Table of Contents generated with DocToc
KubeFed can be deployed to and manage IBM Cloud Private clusters. As KubeFed requires Kubernetes v1.13 or greater, please make sure to deploy IBM Cloud Private 3.1.1 or higher.
The following example deploys two IBM Cloud Private 3.1.1 clusters named cluster1
and cluster2
.
Please follow the guide in IBM Cloud Private 3.1.1 Knowledge Center to install.
NOTE: We need to install two clusters named cluster1
and cluster2
, so after cluster/config.yaml
is generated, update the names of the 2 clusters to 'cluster1' and 'cluster2' before installing KubeFed.
For the first cluster, set the following value in cluster/config.yaml
as follows:
cluster_name: cluster1
For the second cluster, set the following value in cluster/config.yaml
as follows:
cluster_name: cluster2
As IBM Cloud Private is enforcing container image security
policy by default, and the default image security policy does not allow pulling the KubeFed
image from quay.io/kubernetes-multicluster/kubefed:*
, we need to update the image security
policy as follows:
$ kubectl edit clusterimagepolicies ibmcloud-default-cluster-image-policy
Update spec.repositories
by adding quay.io/kubernetes-multicluster/kubefed:*
:
spec:
repositories:
- name: "quay.io/kubernetes-multicluster/kubefed:*"

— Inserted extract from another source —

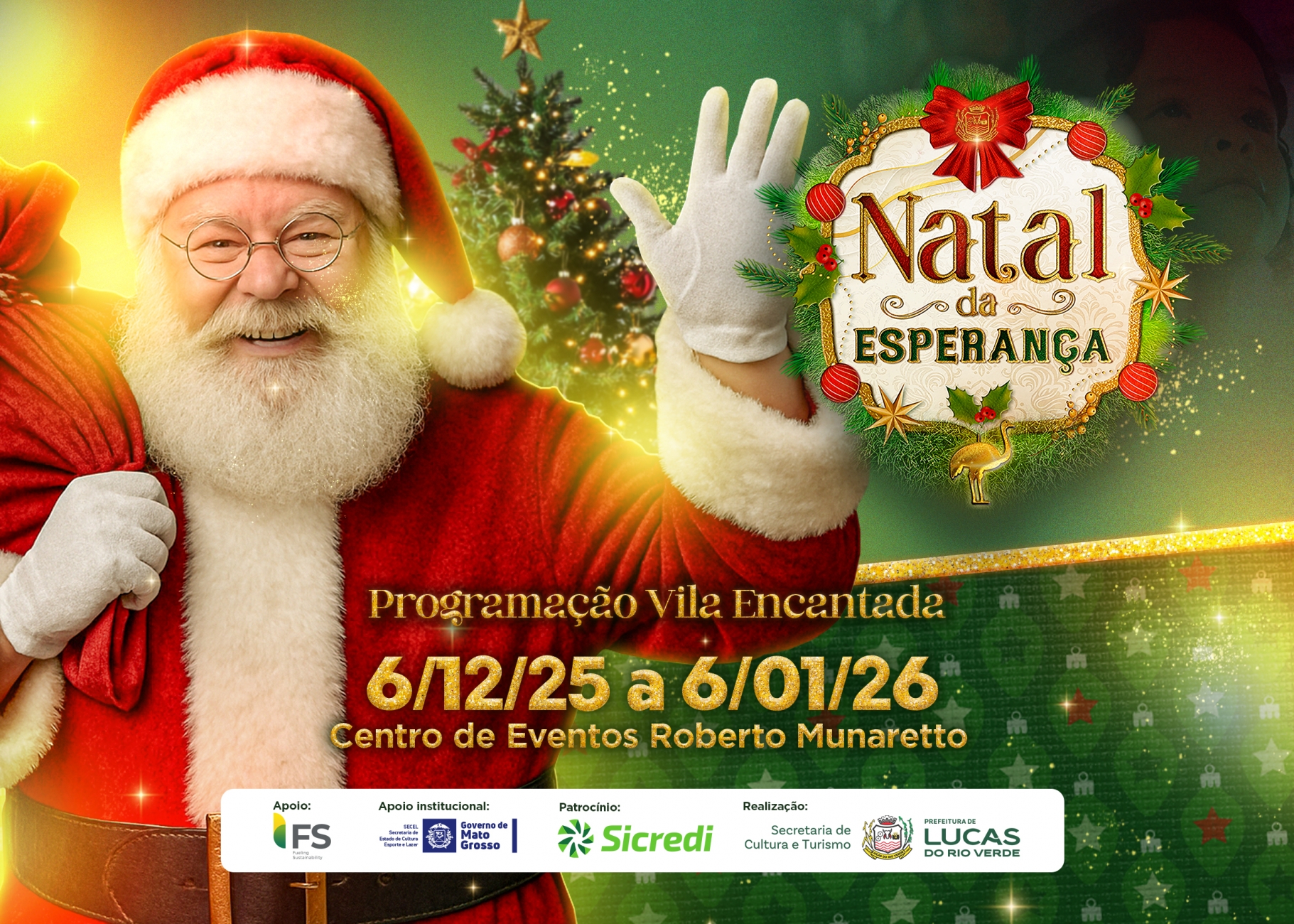 A Prefeitura de Lucas do Rio Verde, por meio da Secretaria de Cultura e Turismo, dá um start inicial no Natal da Esperança 2025 neste sábado (06), às 19h, no Centro de Eventos Roberto Munaretto. Neste ano, a 5ª edição conta com o patrocínio do Sicredi Ouro Verde e apoio da FS.

IBM Cloud Private supports pod isolation
with ibm-restricted-psp
as the default pod security policy. This policy requires pods to run with a non-root user ID,
and prevents pods from accessing the host. The kubefed pods try to run as root, so the Pod Security Policy prevents their start.
The simplest way to configure the Pod security policy for the kube-federation-system
namespace, is to create and configure
the namespace before kubefed installation.

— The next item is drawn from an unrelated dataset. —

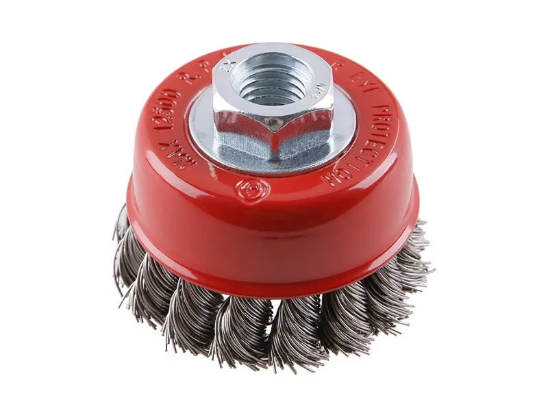 Forgókefe - csésze, kivitel: COPY - szabadalmaztatott rozsdamentes acélhuzal 0,5 mm - másolás, extrém terhelés mellett sem bomlik ki, FESTA kefék garantálják a minőségi felhasznált anyagokat és megmunkálást, átmérő 75mm, menet M14x2mm, huzalok száma: 720, huzal hossza: 18,5 mm, megengedett sebesség: 12500 1/min, felhasználás: festék, rozsda, sorja, hegesztési maradványok, salak eltávolítása, érdesítés, fém alkatrészek tisztítása, csomagolás: papírdoboz eurolyukkal.

- Log in to your IBM Cloud Private cluster as a cluster administrator.
- From the navigation menu, click Manage > Namespaces.
- Click the Create Namespace button.
- In the Create Namespace dialog box, enter
kube-federation-system
as the name of the new namespace. - Click the Pod Security drop-down menu and select
ibm-anyuid-psp
as pod security policy for your namespace.
When you finish these operations, you can return to the User Guide to deploy the KubeFed control-plane.